■ **Activity**: Transcribe only what runs from the line containing "features five drawers" through the end of the listing, line for line and exactly, and omit the pictures.
*** Opening Records shown ***
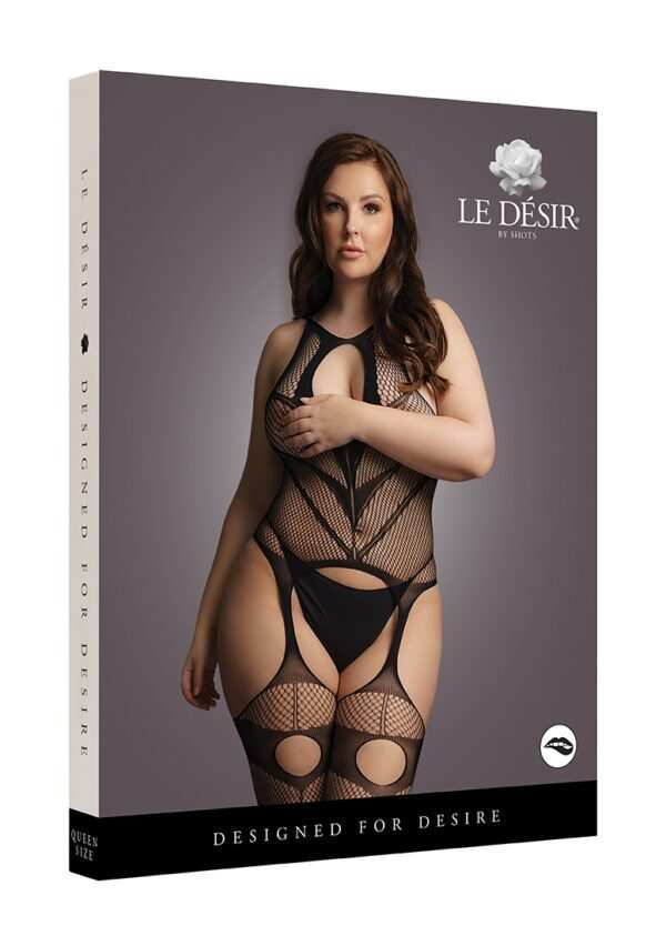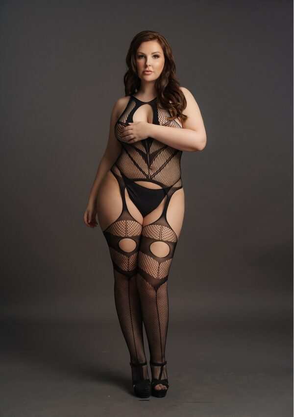 Suspender Bodystocking – Plus SizeBodystocking met hoge hals van visnet, jarretelles en kousen met naad. Het visnet wordt aangevuld met een contrasterend opaque patroon en sexy opengewerkte details. De zachte, superelastische stof is geschikt voor maten XL tot 4XL.String niet inbegrepen.
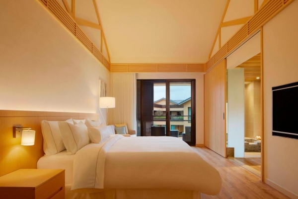 位於酒店角隅,半開放式的蜜月套房空間有明亮淺色調設計風格,讓視野更加寬闊,木質傢俱呈現禪意建築風格,舒緩色調與自然的光源延續Westin品牌精神,讓每位賓客感受放鬆身心靈的絕妙感受,重新煥新活力。
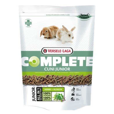 El pienso para conejos jóvenes Versele Laga Complete Cuni Junior viene presentado en forma de croquetas muy ricas en proteínas para la etapa de crecimiento de los conejos, especialmente hasta los 6 u 8 meses de edad. Además incluye un aporte extra de fibras largas y heno que ayuda el crecimiento, de igual modo las hierbas para una buena digestión y asimilación de los nutrientes. Todos los ingredientes de la receta aportan vitaminas, minerales y aminoácidos para beneficiar el sistema inmunológico. La flora intestinal de su mascota se verá estimulada gracias las largas fibras con probióticos. Incluye ácidos grasos omega 3 y 6, esto favorece la suavidad y el brillo de su pelaje.
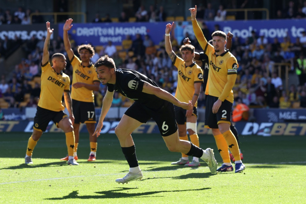 El centrocampista portugués del Tottenham Joao Palhinha celebra su gol contra el Wolverhampton, en el Molineux Stadium el 25 de abril de 2026 en partido de la Premier League. AFP
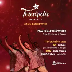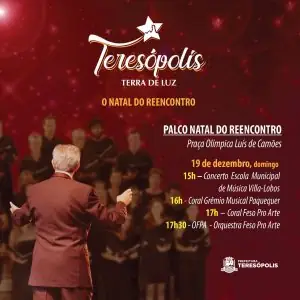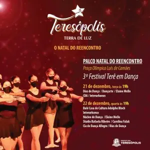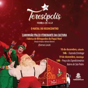 Com o tema ‘O Natal do Reencontro’, a programação do projeto Teresópolis Terra de Luz –Natal 2021 segue, nos próximos dias no município. A peça teatral ‘Fábrica de Brinquedos do Papai Noel’, no Caminhão Palco Itinerante da Cultura, será encenada, no sábado, 18, na Fazenda Ermitage, e no domingo, 19, na Praça do Tiro de Guerra, em São Pedro. Na Praça Olímpica, no centro, o público poderá assistir concertos natalinos e apresentações do 3º Festival Terê em Dança.
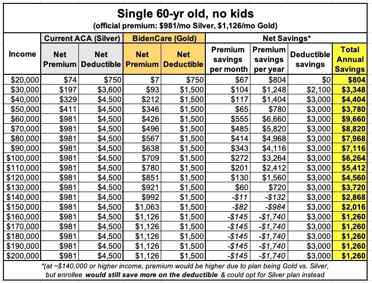 At 60 years old, the savings at lower incomes would remain the same (between $800 - $4,400/year), but middle class enrollees would save up to $9,600/year: As much as $6,600 in premiums (mostly due to the subsidy cliff being eliminated), plus the deductible being lopped down to 1/3 of the prior level.
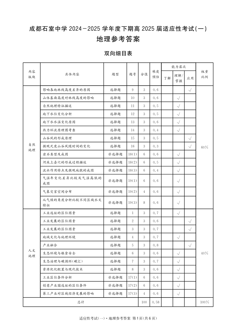 四川省成都石室中学高2025届适应性考试(一) 地理答案
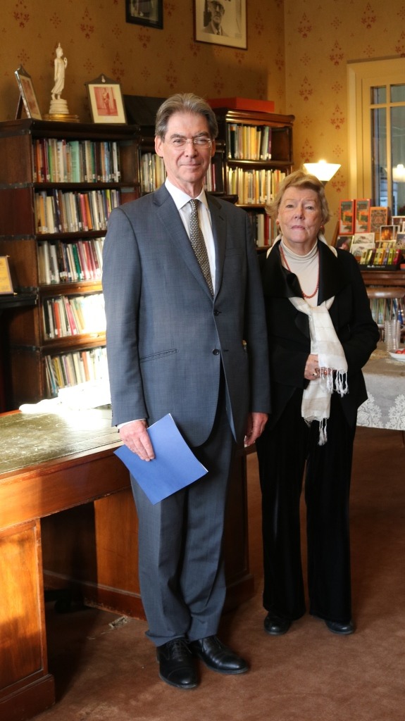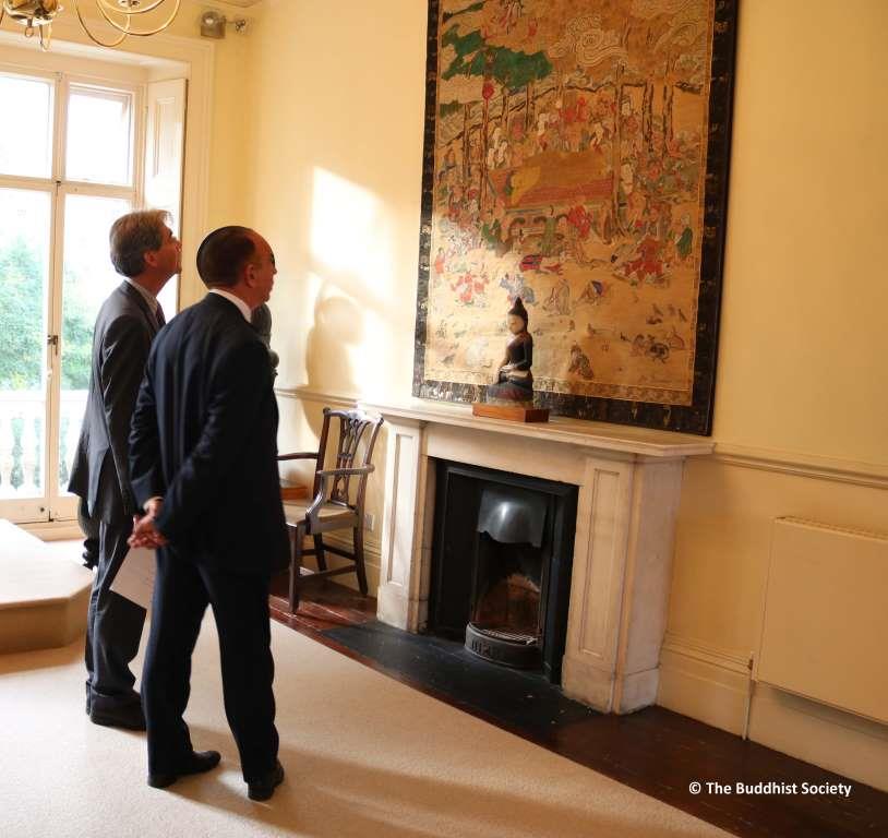 Lord Bourne of Aberystwyth, Parliamentary Under Secretary of State at the Department for Communities and Local Government and Dr Desmond Biddulph CBE, President, The Buddhist Society in the Lecture Room of the Buddhist Society. August 2016
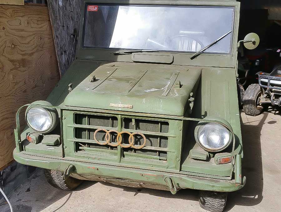 In een klein buurtschap aan de rand van het IJsselmeer werd hij in een boerderij gevonden, dit bijzondere karretje dat je zelden ziet rondrijden. Een DKW Munga uit 1964. De geniale eenvoudige en robuuste constructie zullen vele dienstplichtige militairen nog kennen uit de jaren 60. Over de naam DKW werden grappen gemaakt, zoals de positieve omschrijving: Das Kleine Wunder. In Duitse dienst was het wat minder aangenaam: Das Krankenhaus Wartet.
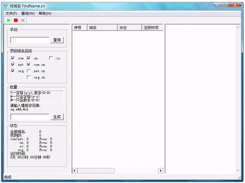 主要功能 1. 8种顶级域名whois信息批量查询,速度很快 2. 字母,数字模糊组合生成域名 3. 支持待查询域名列表导入 4. 未注册域名列表导出
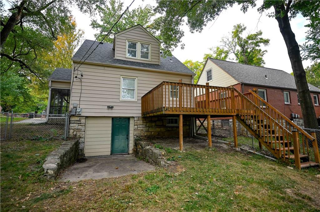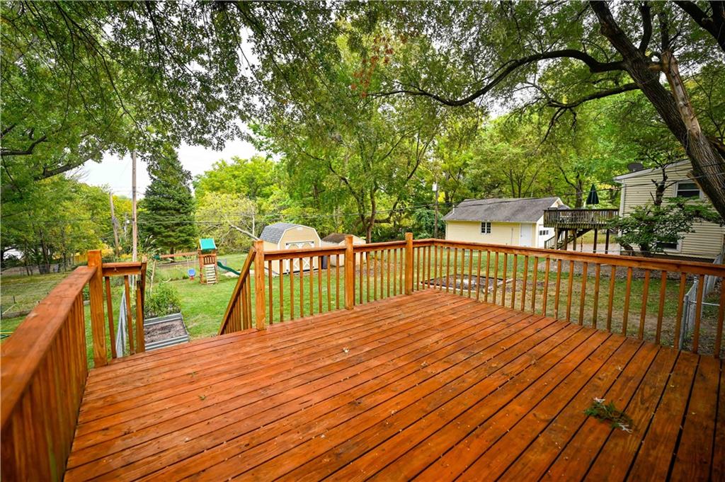 LOCATION LOCATION! LOCATION! just minutes from HWY 69. Hardwood floors throughout as well as a wonderful screened in room off the family room to add that extra living space. With a main floor primary bedroom everything is on the 1st floor with just 1 step up into this beautiful home. It has a large bedroom up stairs with an additional 3rd non conforming bedroom off of the 2nd bedroom that was used as a nursery. The back yard has a large deck, fenced yard and 2 sheds. NEWER HVAC!!
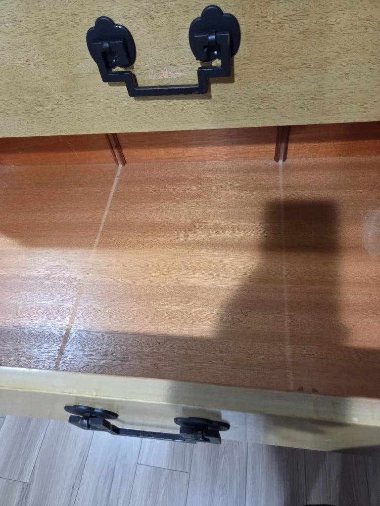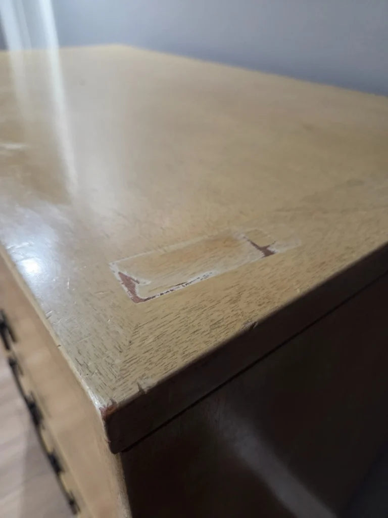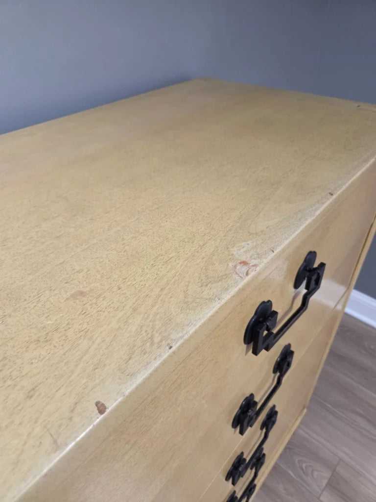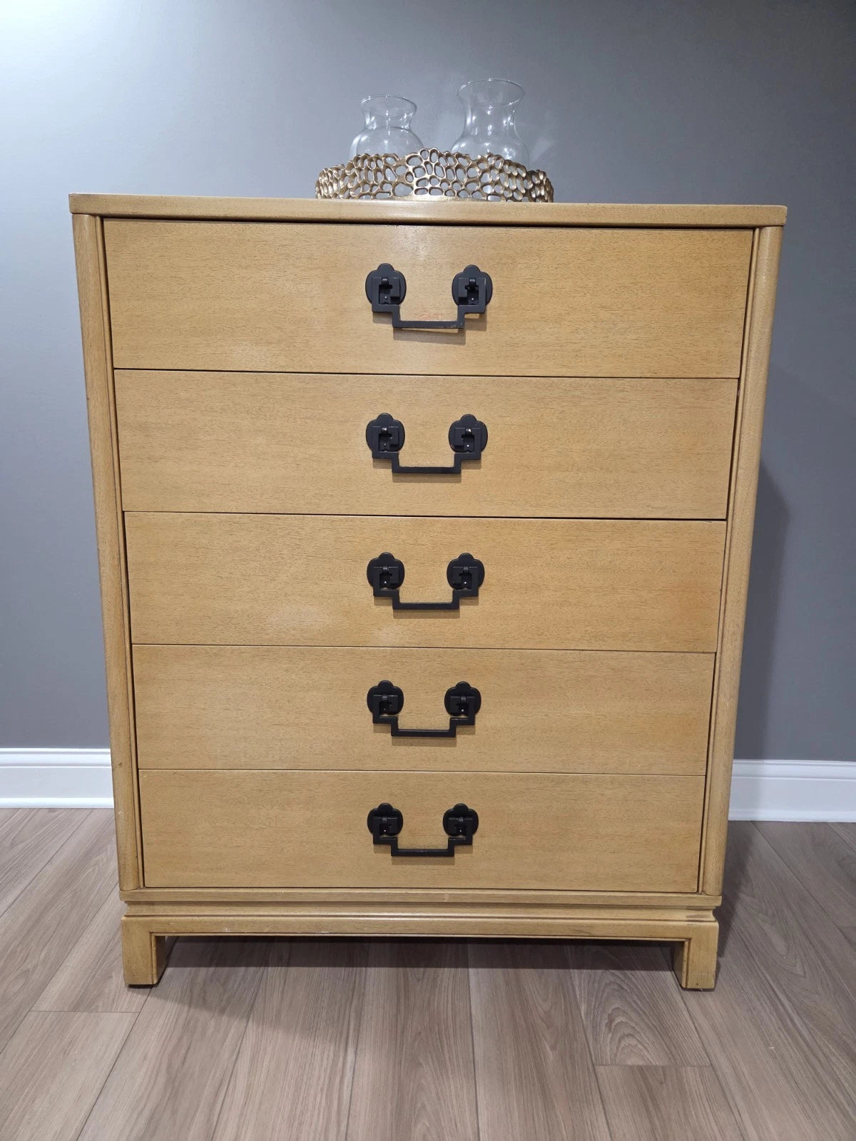 features five drawers for ample storage space, standing at a height of 45 inches. Manufactured in the 1950s, this vintage dresser exudes a
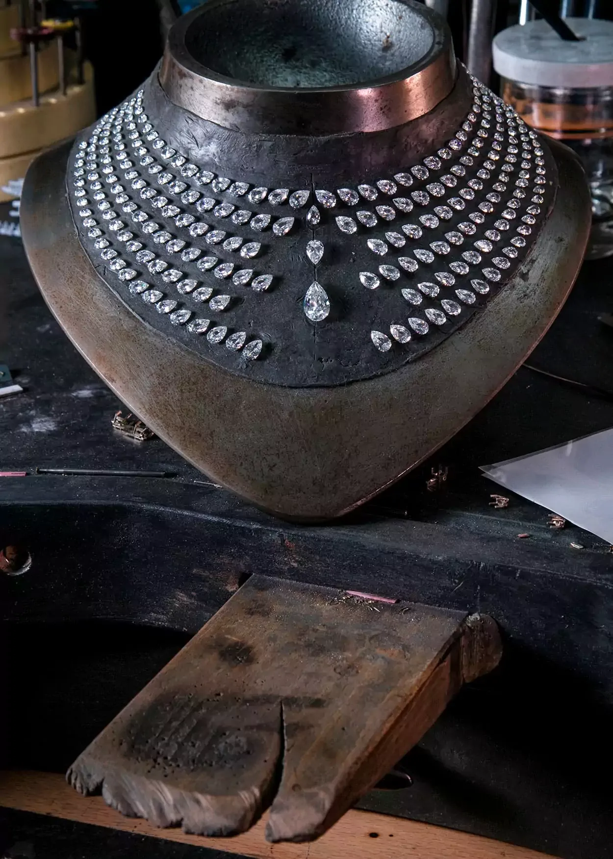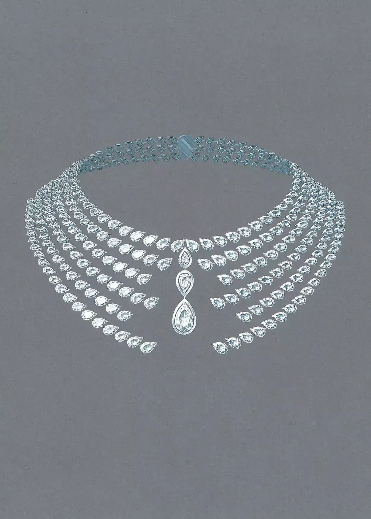 На изготовление этого роскошного колье, отражающего царственную стать Снежной королевы, потребовалось 950 часов кропотливого труда, из которых около 40 часов были потрачены на создание эскиза гуашью. Скульптурное творение, изумляющее своей идеальной симметрией и ослепительным блеском, инкрустировано 341 бриллиантом грушевидной огранки. Драгоценные камни закреплены так, что не соприкасаются друг с другом. В центре эффектно покачиваются три бриллианта, самый крупный из которых весит 3,42 карата. Бриллианты, искусно выложенные в безукоризненно ровные ряды, словно омывают декольте волнами света.
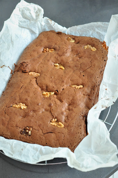 Montamos los huevos con el azúcar hasta conseguir un punto cremoso. Por otro lado derretimos el chocolate con a mantequilla y dejamos templar. Añadimos la harina tamizada a los huevos junto con la levadura y finalmente mezclamos el chocolate de forma suave. Añadimos las nueces troceadas excepto alguna más entera que dejaremos para poner por encima
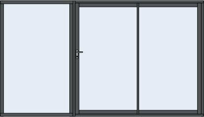 Alu schuifraam 250 x 227 cm H en 2 vaste alu ramen 50 x 227 cm H
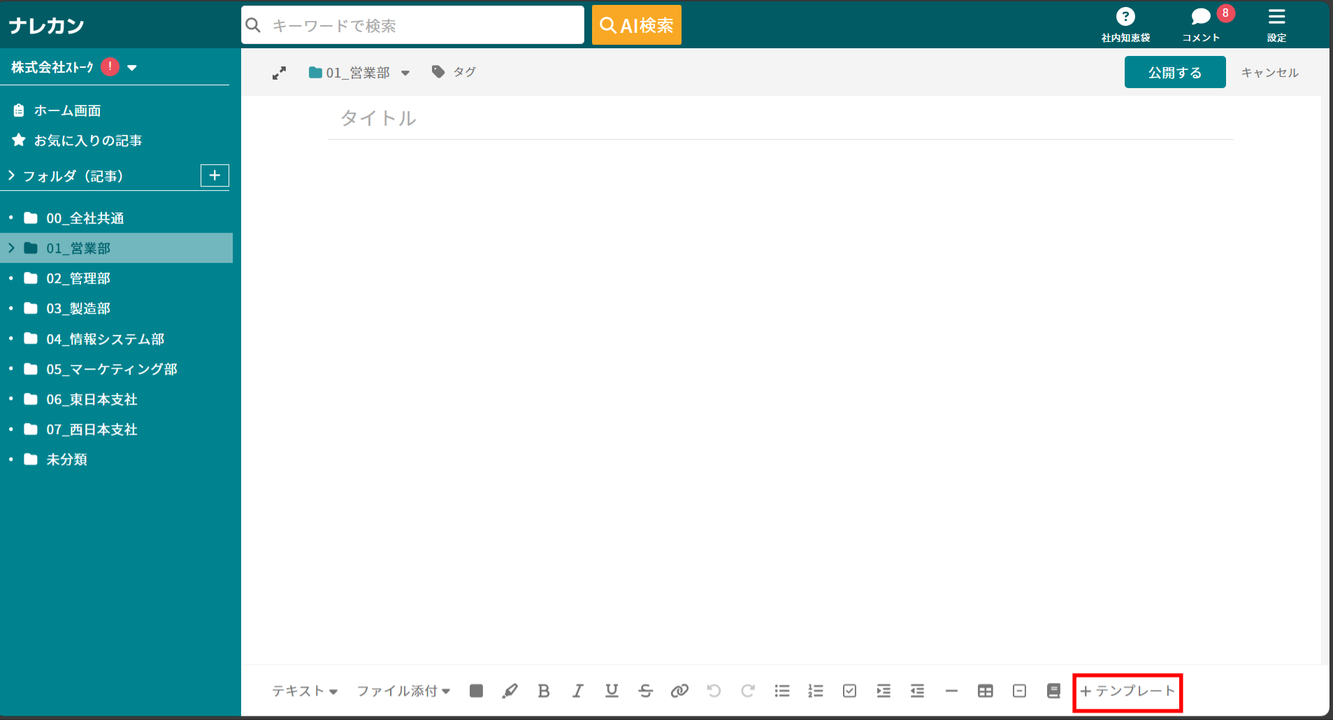 ③記事にテンプレートの内容が挿入されます。
*** Closing Records shown ***
■ **Expected output**:
 features five drawers for ample storage space, standing at a height of 45 inches. Manufactured in the 1950s, this vintage dresser exudes a
 На изготовление этого роскошного колье, отражающего царственную стать Снежной королевы, потребовалось 950 часов кропотливого труда, из которых около 40 часов были потрачены на создание эскиза гуашью. Скульптурное творение, изумляющее своей идеальной симметрией и ослепительным блеском, инкрустировано 341 бриллиантом грушевидной огранки. Драгоценные камни закреплены так, что не соприкасаются друг с другом. В центре эффектно покачиваются три бриллианта, самый крупный из которых весит 3,42 карата. Бриллианты, искусно выложенные в безукоризненно ровные ряды, словно омывают декольте волнами света.
 Montamos los huevos con el azúcar hasta conseguir un punto cremoso. Por otro lado derretimos el chocolate con a mantequilla y dejamos templar. Añadimos la harina tamizada a los huevos junto con la levadura y finalmente mezclamos el chocolate de forma suave. Añadimos las nueces troceadas excepto alguna más entera que dejaremos para poner por encima
 Alu schuifraam 250 x 227 cm H en 2 vaste alu ramen 50 x 227 cm H
 ③記事にテンプレートの内容が挿入されます。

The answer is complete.